In my experience, a docker-compose to setup required services like a database or a rabbitmq broker is much more useful. Mandatory containers for dev end up locking the project in them, making the environment hard to change


I usually take it one step further: embed services that are typically external by default so that your application can run stand alone in a useful minimal, zero configuration configuration.

It is a huge timesaver during development not having to orchestrate lots of moving parts and make sure they are in the correct state. And if you can embed the actual implementations you will be using in production instead of mocks or substitutes, even better.

For production you will usually run against external dependencies - but not always. For a surprising number of backends I've written in the past decade, embedded resources have turned out to be good enough. For instance, lots of backends I've written with very modest database requirements just use SQLite.

Back when I was developing in Java embedding dependencies was a bit easier since a lot of the infrastructure we used was also written in Java. What used to be slow integration tests became really fast integration tests (indistinguishable from regular unit tests) and you could build all-in-one-jars that people who need to integrate with you could just download and fire up without needing anything beyond a JVM.
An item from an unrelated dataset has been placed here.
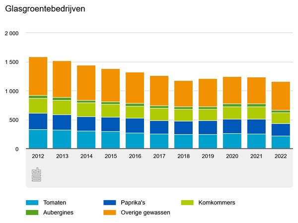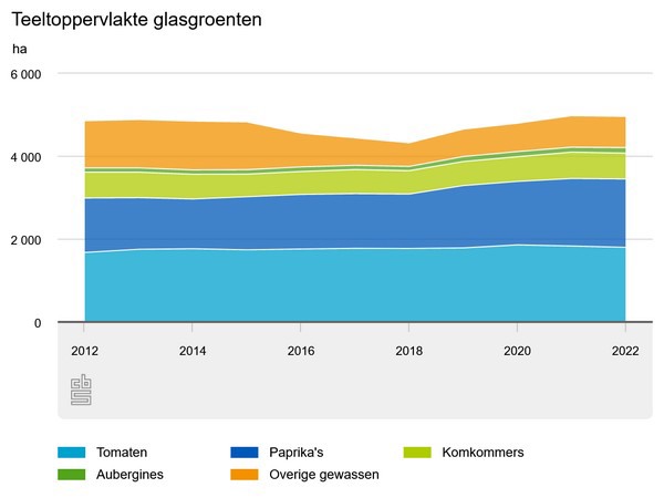 With an acreage of roughly 5,000 hectares in 2022, greenhouse vegetable acreage is the same size as in 2021. That is 2.1% more than in 2012. That area has increased since then, especially for bell pepper and eggplant cultivation, both approximately 26%. At 7.3%, tomato greenhouse cultivation acreage grew less.

If you are on the receiving end of someone else's server software this is lovely because it makes your job easier.

I always embed a default database with any application or server that needs a database. Now that I mostly develop in Go, I use the transpiled SQLite library (transpiled to Go so you don't need to use cgo. It is possibly a bit slower and I'm unsure about its suitability for production, but for development work it is brilliant). In Java there were a couple of embeddable database alternatives to choose from.

I usually plan to use PostgreSQL (or RDS or similar cloud DB) in production. Even after I add PostgreSQL support I tend to leave the SQLite in as the default, "zero config" option. It is particularly useful when someone else needs to integrate with your server that they can just download and run it without having to know how to configure it. Usually people just need something to test against when integrating with APIs or similar.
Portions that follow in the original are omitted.